Thank you, Margaret, for giving me a glimpse of what you’re going through. My suggestion is that you pray for these girls who are causing your suffering through their talk and neglect. Jesus not only changes our hearts as we pray for those who persecute us (or for those who just make our lives miserable), but He often changes the hearts of those we are praying for, too. He already knows your situation. Trust Him with it and please His heart by praying for those girls and pretty soon your attitude will change toward them and I’m pretty sure their attitude will change toward you, too. If not, you’ll at least have God’s peace. God does not give us the spirit of fear, but of love and a sound mind. 🙂
I just recently received a blessing to work for another company, a advance that I have prayed for. I worked for my previous company 14 years and I am stepping out on faith. A fresh start! I ask God for a new beginning with no drama and the work place or life itself. I start on Monday and the position I took is a lot of responsibilities, even though I know I can do it. The more I look at my offer letter and look up the expectations of the position I get cold feet. I tossed and turned last night thinking about making sure I do the correct paper work, hoping I can pronounce words correctly or if I speak proper English, my appearance because I’m missing two side teeth. All kinds of things flooded my mind and when I read “God got your back”, that took some relief off of me.
Thank you Cindi, I enjoyed reading your Blog.
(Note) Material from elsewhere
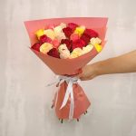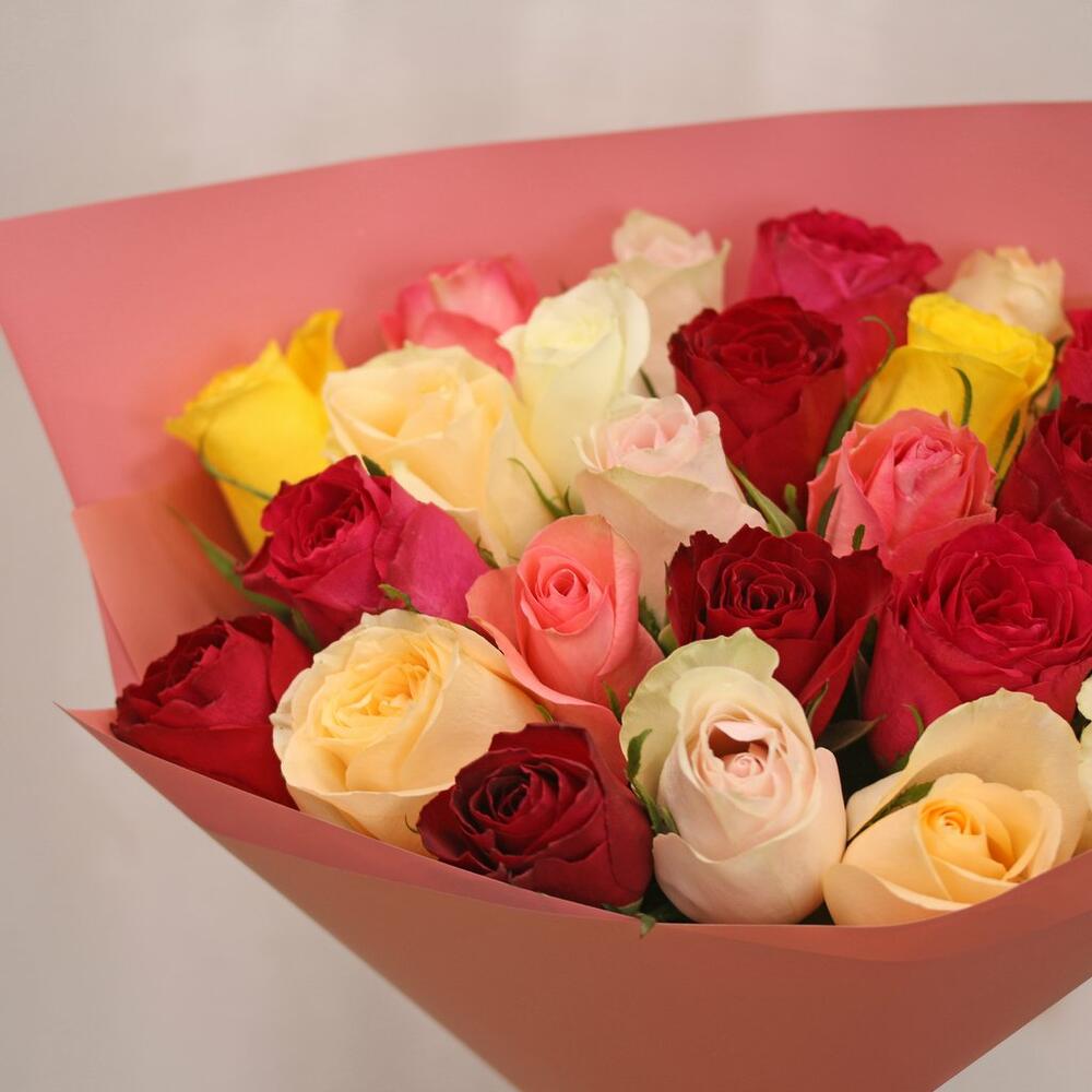 Букет из 25 роз микс 35-40 см (Кения) в упаковке

Thank you, Zadie. I will be praying for your God-confidence as you start that job. God clearly opened the door for you to work there. He will not leave you just as you enter the door. 🙂 “Lord, please go before Zadie into this job You have given her. May her confidence be in You, the abilities You have given her, and the peace You will provide her with as she does her best and commits the rest.”
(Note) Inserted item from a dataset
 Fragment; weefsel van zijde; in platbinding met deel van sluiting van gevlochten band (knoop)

Thank you for this Cindi! To be honest, I think I need to focus on all 7. Because they all come up in a weeks time or less. Sometimes several will belong to one incidence. Each contain valuable pearls for reflection!
You’re welcome, Chery. Press on. Continue to be a light in the darkness out there. 🙂
Thank-you so much for this! God is surely watching out for me right now. My “drama” is so pathetic, never even was looking at, most of where i am in the middle of, all the time is drama. My mind is so full right now of what my God expects of me, will continue this another time. Thank-you again for listening your own self
Hi Kathryn. Actually there is only one thing God expects of us. (We can get so bogged down by all the things we think we must DO for Him). In Matthew 22:37 we are told the greatest commandment (and the no. 1 thing God desires of us) is that we love God with all our heart, soul and mind. Everything else will flow out of a love for Him first. I hope that helps simplify things in your mind and heart. Blessings.